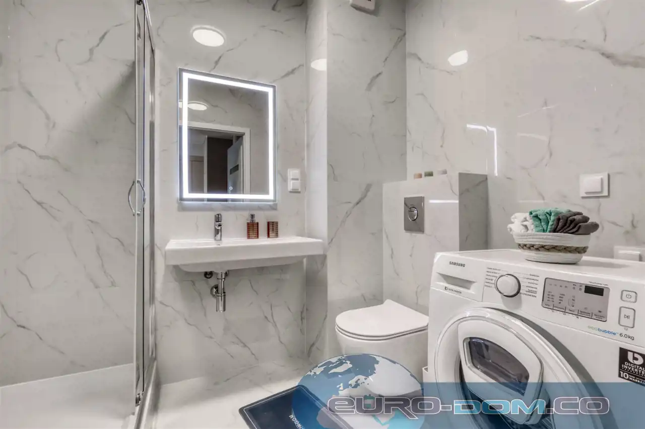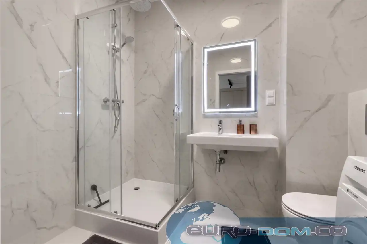 Łazienka – prysznic, pralka, umywalka.
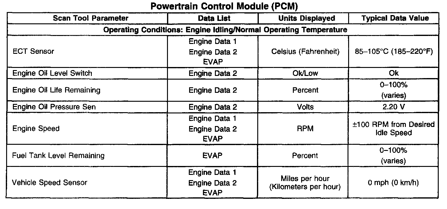 Scan Tool Data List - Powertrain Control Module (PCM)
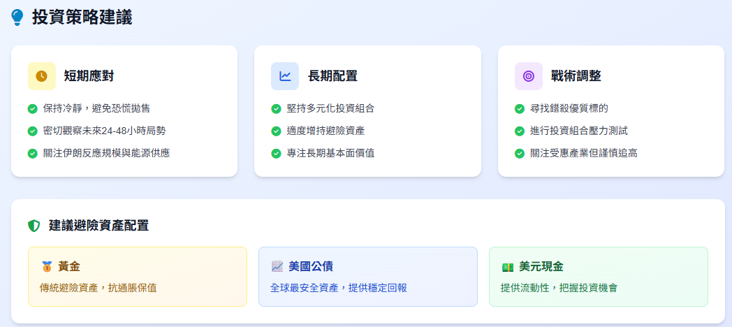 總而言之,面對地緣政治風險,投資人應採取「戰略上藐視,戰術上重視」的態度。保持長期的戰略定力,堅守資產配置紀律;同時在戰術上保持靈活性,利用避險工具管理風險,並在危機中尋找轉機。
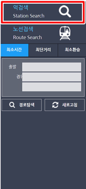 6. 지도를 일일이 움직여 찾기 번거롭다면, 왼쪽의 '역검색' 기능을 활용하는 것도 좋은 방법입니다. 돋보기 모양을 누르면 역 이름을 직접 입력할 수 있어요.
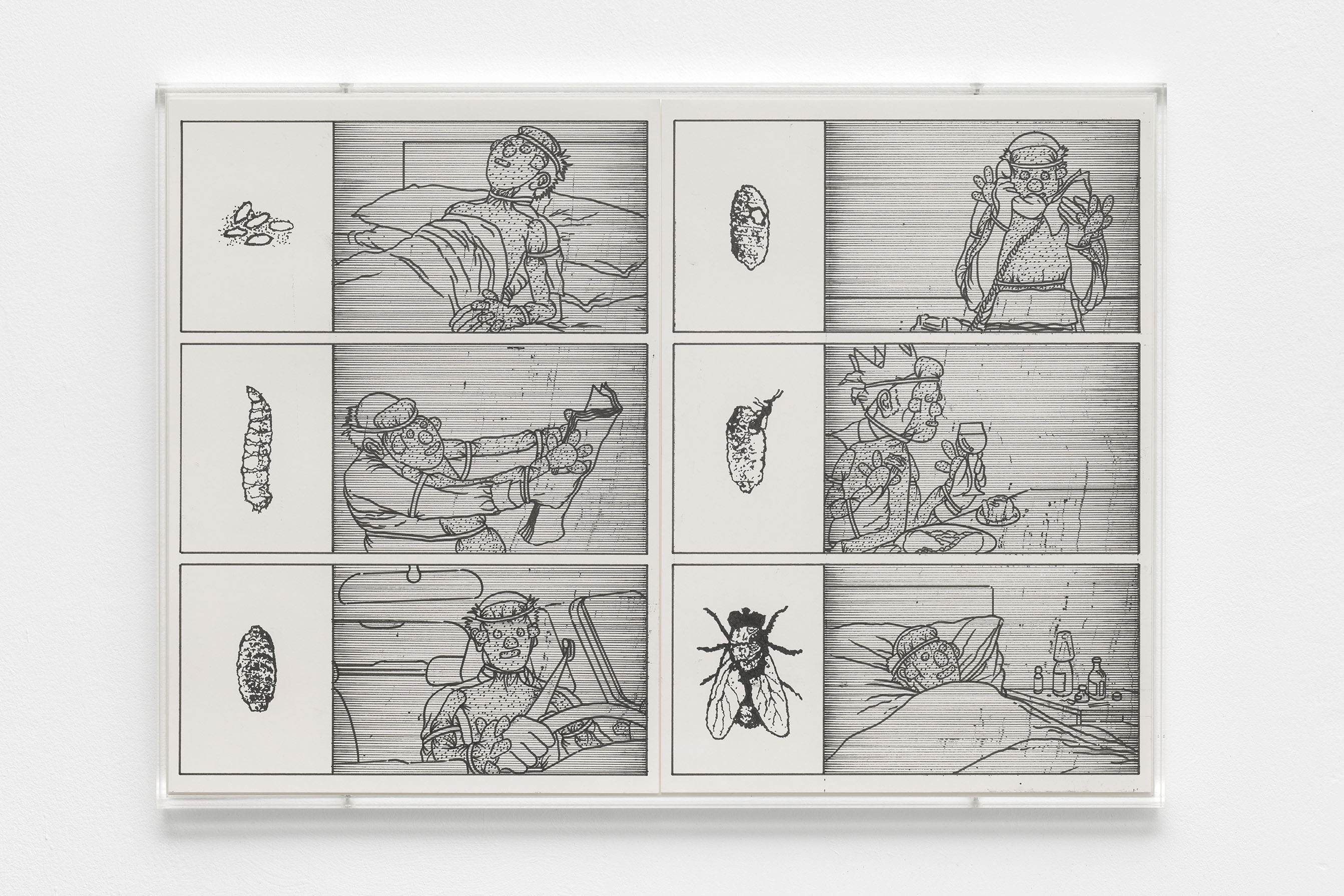 Sebastian Jefford Life cycle of a maggot 2025 Pen on paper 43 × 31 cm (framed) 16 7/8 × 12 1/4 inches (framed)

HOW TO COMPLETE THIS TASK
The range to copy runs from the line with "總而言之,面對地緣政治風險,投資人應採取" to the last line of the entries, both included; copy it exactly and leave out the pictures.

ANSWER SECTION
 總而言之,面對地緣政治風險,投資人應採取「戰略上藐視,戰術上重視」的態度。保持長期的戰略定力,堅守資產配置紀律;同時在戰術上保持靈活性,利用避險工具管理風險,並在危機中尋找轉機。
 6. 지도를 일일이 움직여 찾기 번거롭다면, 왼쪽의 '역검색' 기능을 활용하는 것도 좋은 방법입니다. 돋보기 모양을 누르면 역 이름을 직접 입력할 수 있어요.
 Sebastian Jefford Life cycle of a maggot 2025 Pen on paper 43 × 31 cm (framed) 16 7/8 × 12 1/4 inches (framed)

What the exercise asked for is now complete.